Re-enable w7900 CI jobs when the runner is stable again
ScottTodd opened this issue · comments
To improve stability, we can try
- updating GPU drivers
- adding more runners
- running a generic sanity check (e.g.
rocm-smi
) before any test actions - dumping logs (dmesg) if errors are detected (assuming nothing sensitive is in the logs)
test_amd_w7900
is still disabled:
Lines 432 to 470 in 2587078
due to https://github.com/iree-org/iree/actions/runs/9178357378/job/25238436482#step:7:100
6/266 Test #54: iree/hal/drivers/hip/dynamic_symbols_test ...........................................................***Failed 2.12 sec
[==========] Running 3 tests from 2 test suites.
[----------] Global test environment set-up.
[----------] 2 tests from DynamicSymbolsTest
[ RUN ] DynamicSymbolsTest.CreateFromSystemLoader
[ OK ] DynamicSymbolsTest.CreateFromSystemLoader (2096 ms)
[ RUN ] DynamicSymbolsTest.SearchPathsFail
[ OK ] DynamicSymbolsTest.SearchPathsFail (0 ms)
[----------] 2 tests from DynamicSymbolsTest (2096 ms total)
[----------] 1 test from NCCLDynamicSymbolsTest
[ RUN ] NCCLDynamicSymbolsTest.CreateFromSystemLoader
iree/runtime/src/iree/hal/drivers/hip/dynamic_symbols_test.cc:92: Failure
Expected equality of these values:
21803
nccl_version
Which is: 21806
[ FAILED ] NCCLDynamicSymbolsTest.CreateFromSystemLoader (2 ms)
[----------] 1 test from NCCLDynamicSymbolsTest (2 ms total)
[----------] Global test environment tear-down
[==========] 3 tests from 2 test suites ran. (2099 ms total)
[ PASSED ] 2 tests.
[ FAILED ] 1 test, listed below:
[ FAILED ] NCCLDynamicSymbolsTest.CreateFromSystemLoader
1 FAILED TEST
@erman-gurses were you going to help re-enable this with fixes for iree/hal/drivers/hip/dynamic_symbols_test
?
@ScottTodd Will try to take a look at it this week.
cc @antiagainst @nithinsubbiah , codeowners for /runtime/src/iree/hal/drivers/hip/
:
Line 83 in 58feff3
iree/hal/drivers/hip/dynamic_symbols_test
is failing on CI so the entire job we added to test hip on w7900s has been disabled for 3 weeks. @erman-gurses may have time to debug since he helped set up the test runner, but these components need a maintainer.
You can put me down as the owner however I can start looking at this only next week.
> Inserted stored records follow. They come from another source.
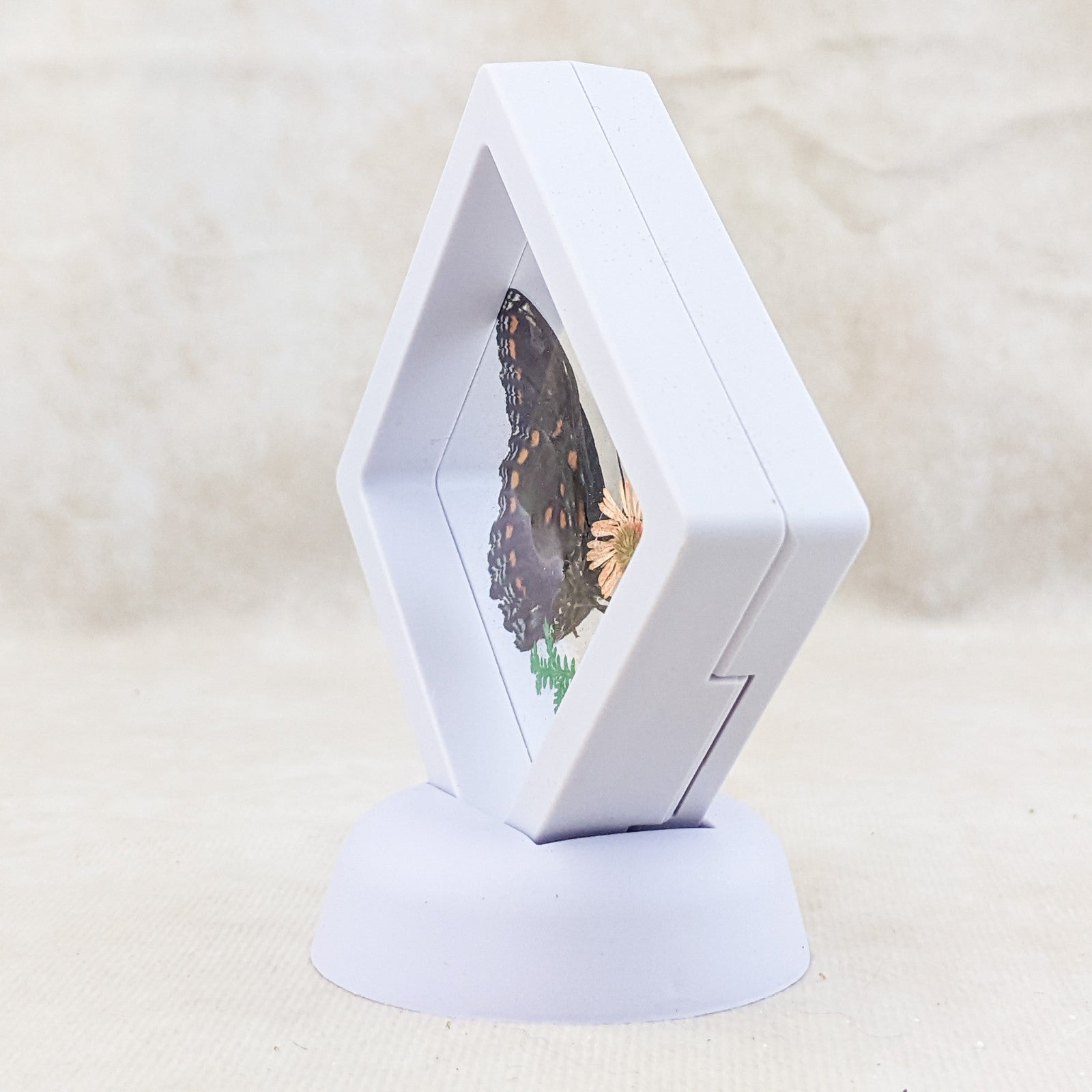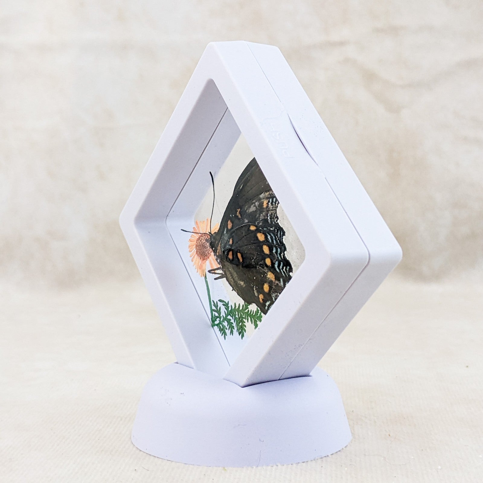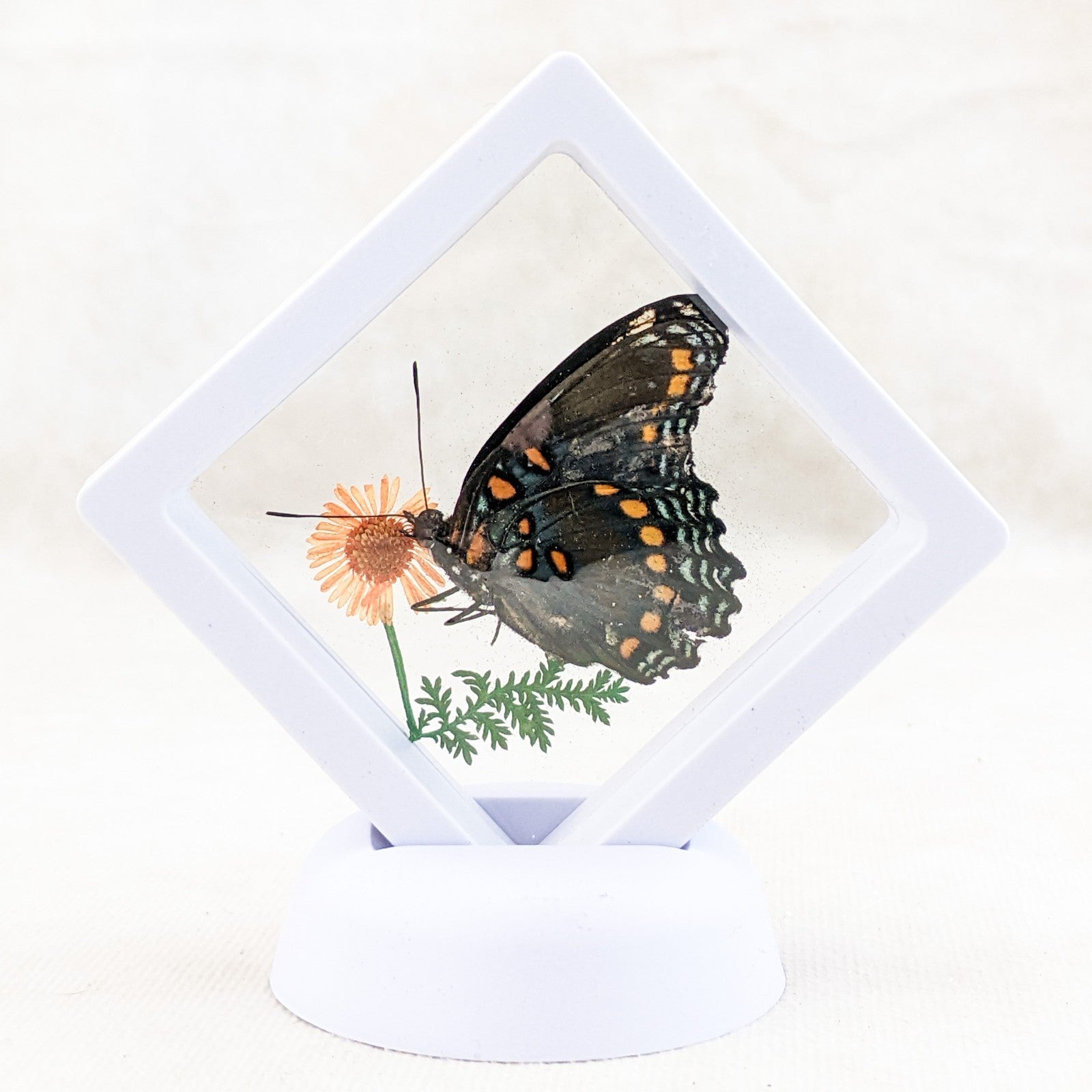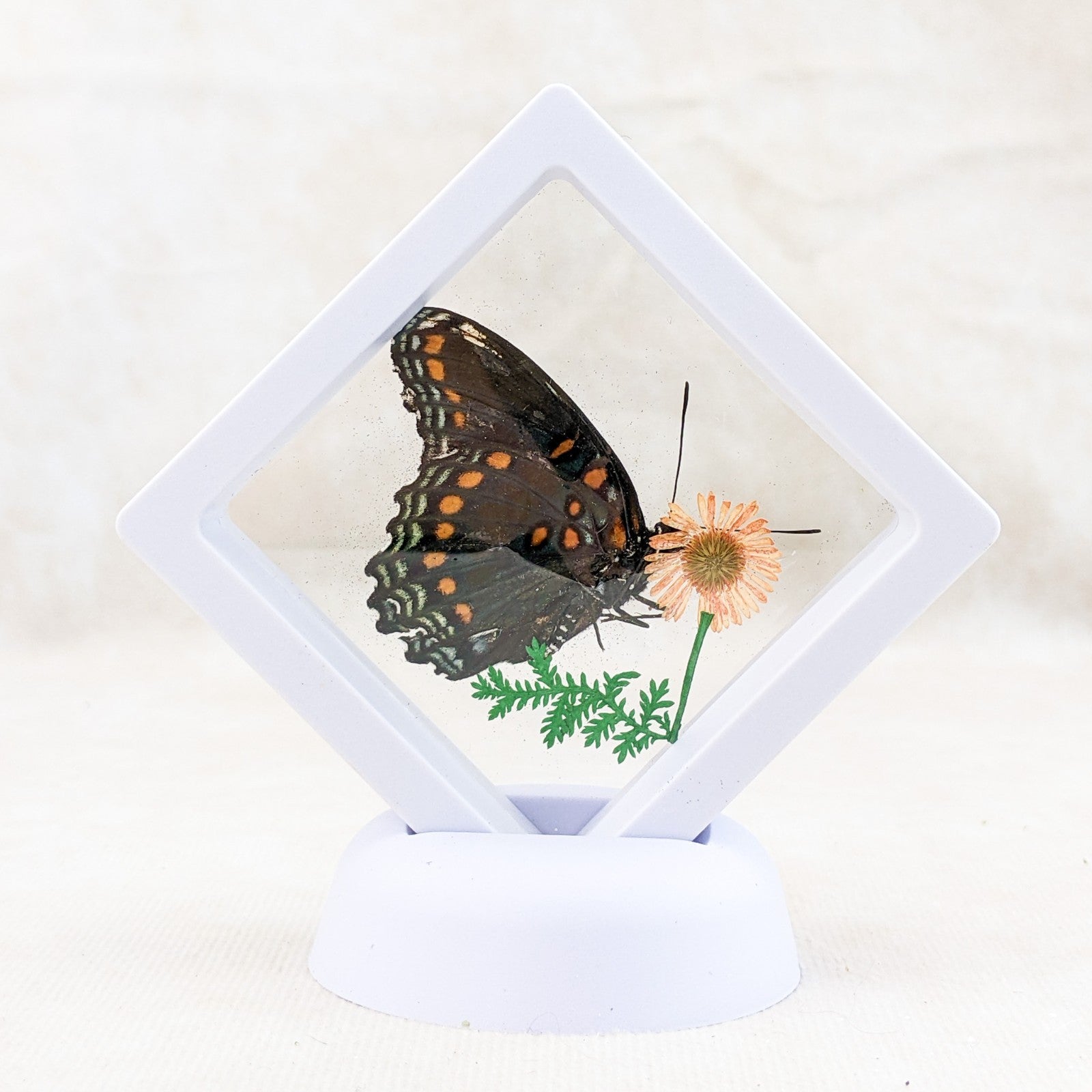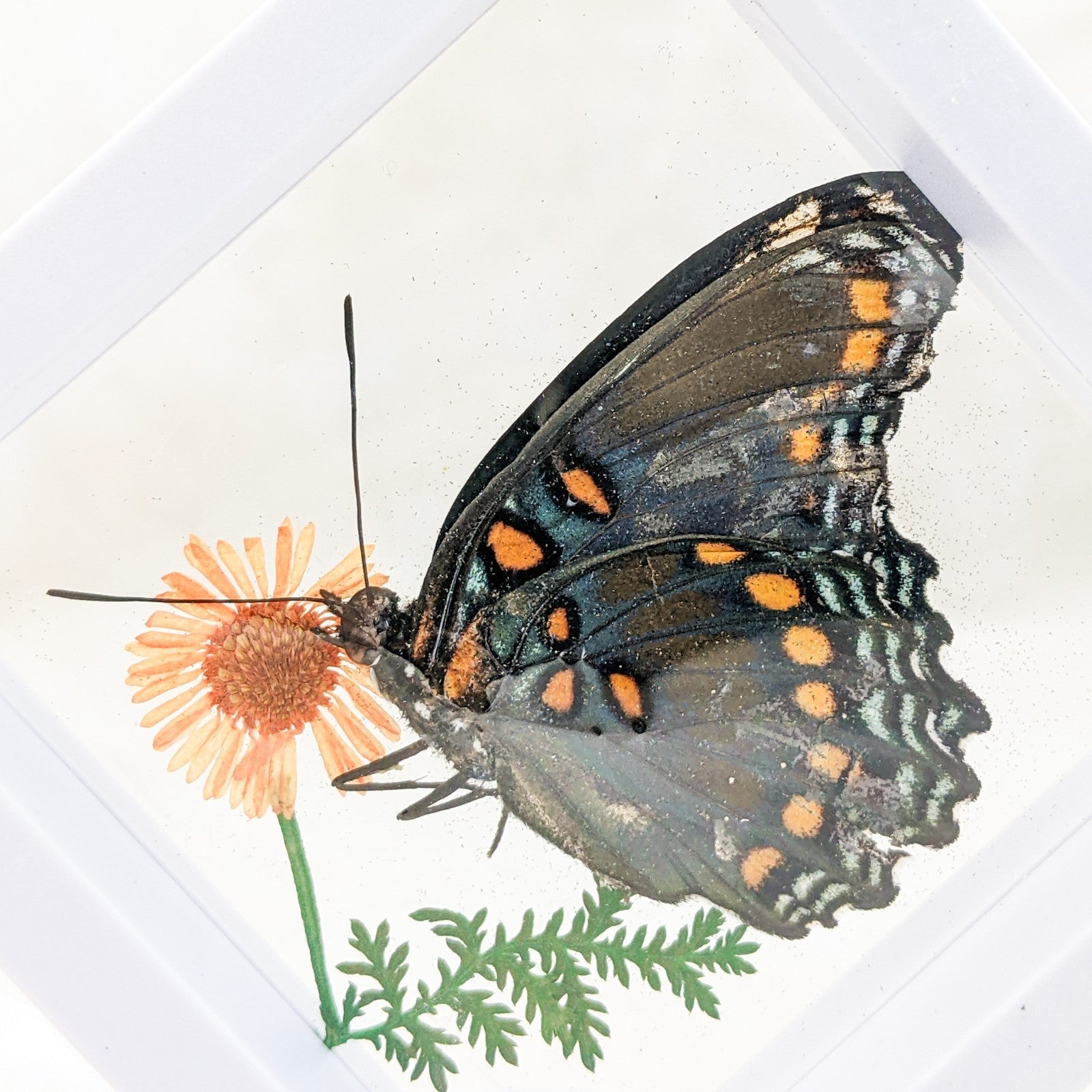 BF11a # 9 This is a very nice Display with a beautiful butterfly. This would look great in any collection and also a great gift for those that love Butterflies! This display is approx. 4 x 3 3/4" He is surrounded by preserved fern.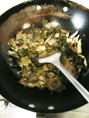 再放油把蒜米爆香,小火放入干辣椒段(炒的时候加少许盐)辣椒出香味后加入酸菜和野山椒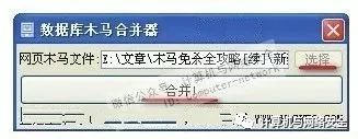 明白原理后操作就简单了,有一个叫做“数据库木马合并器”的工具,它可以使免杀操作更加简便,而且可以省去新建数据库的烦恼。“数据库木马合并器”的使用方法很简单,只要选择好木马程序,然后单击“合并”按钮然后选择保存路径就可以了,如图5所示。
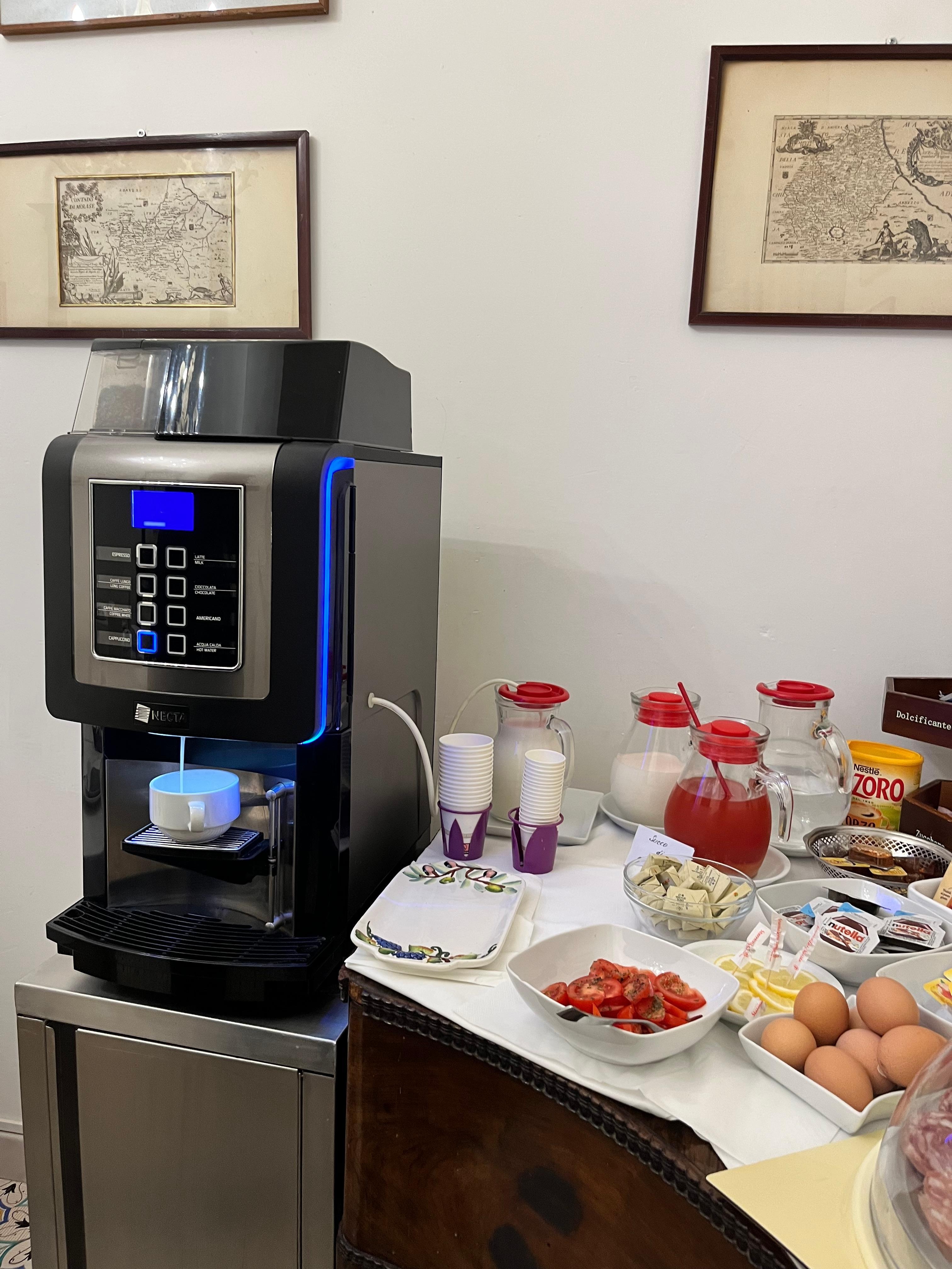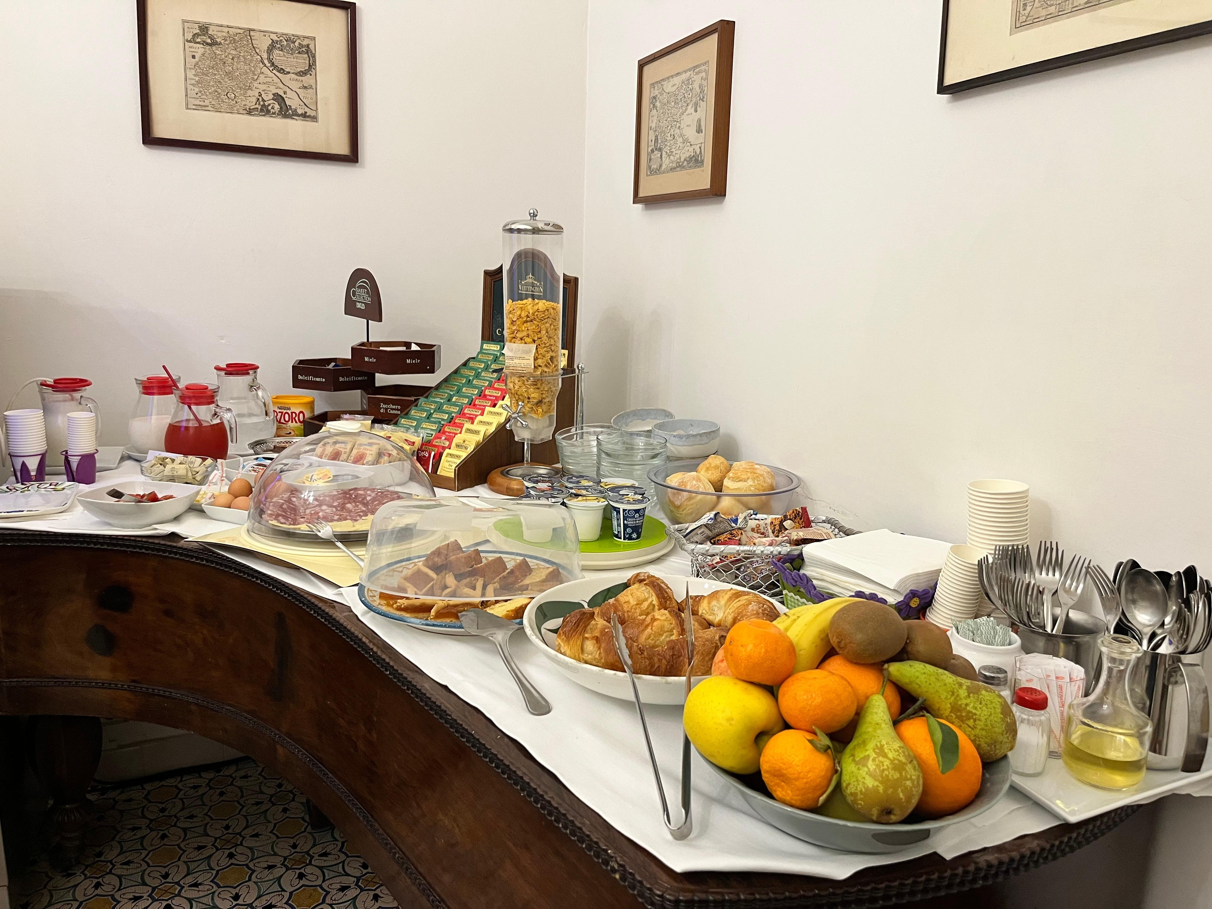 Das Frühstücksbüffet war toll! Frisches Obst im Korb zur freien Auswahl, verschiedene Kuchen, Croissants und Brötchen, Marmeladen, Nutella, Mich und sehr leckerer frisch gepresster Orangensaft, Butter, Käse und Salami, hartgekochte Eier, abgepackte Zwieback etc, Cornflakes, diverse Joghurts, frische geschnittene Tomaten, diverse Tees und ein Kaffeevollautomat, der keine Wünsche offen lässt, sogar mit frischer Milch zur Zubereitung des Cappuccinos etc.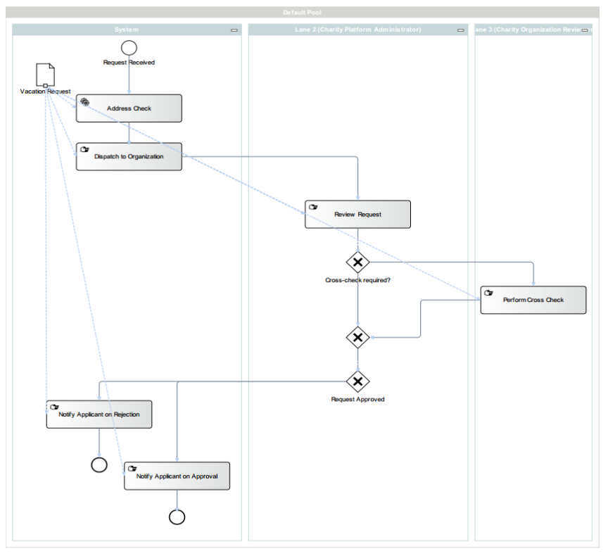 Application of an individual in need for funding, dispatching of this application to one of the charity organizations, analysis and approval steps (possibly 4-eyes-principle) and applicant notification.
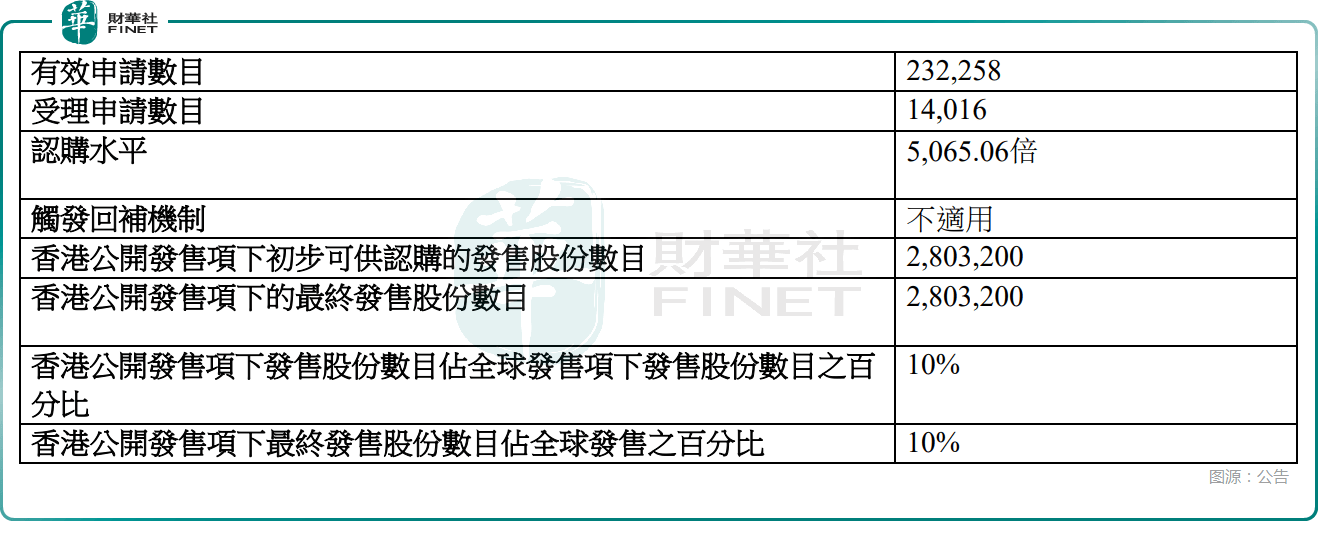 从日前招股阶段的表现来看,香港公开发售方面,海致科技集团获5065.06倍认购,公开发售的发售股份最终数目为280.32万股,占发售股份总数的约10%。合计获得约23.23万份有效申请,受理申请数目约14016份,一手中签率仅0.06%。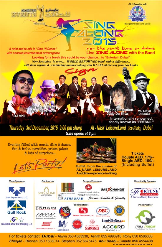 At 8:00pm on 3rd December, 2015, the Ice Rink gates of Al-Nasr Leisureland, Dubai will open to a massive crowd of fun loving people of Dubai to give them an experience of spectacular evening filled with music, dance and masti. The much awaited event of the year “SingAlong 2015” a twist & re-mix of Dine ‘N Dance, organized by Mangalore Konkans Dubai is scheduled to begin at 9:00 pm sharp.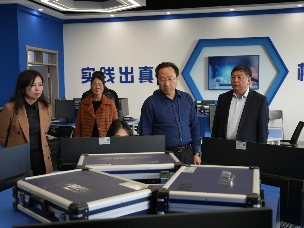汇报会后,专家组集中查阅佐证资料,并实地考察了图书馆、大数据中心、数据中心机房、智能安防监控中心、虚拟仿真实训基地、智慧教室等场所,深入了解学院信息化设备和平台的实际运行状态、技术创新特点及应用成果。其间,专家组与院领导围绕学校信息化发展战略定位、资金投入保障及未来发展规划等关键问题展开充分交流。

This still needs attention. Just got another report of a similar test failure on Discord here. Logs: https://github.com/iree-org/iree/actions/runs/9511978721/job/26219408116?pr=17659#step:7:162
This version check
Is checking equality against this version
Line 20 in 3428231
when it should be checking a minimum version instead
cc @sogartar
@ScottTodd, there is a fix for it in this PR #17433 but it has been blocked because of docker image problems for a while now. I will open a PR with only this fix.
@ScottTodd, there is a fix for it in this PR #17433 but it has been blocked because of docker image problems for a while now. I will open a PR with only this fix.
Already done: #17674
Please keep PRs focused on a single issue so combined PRs don't end up sitting for long periods.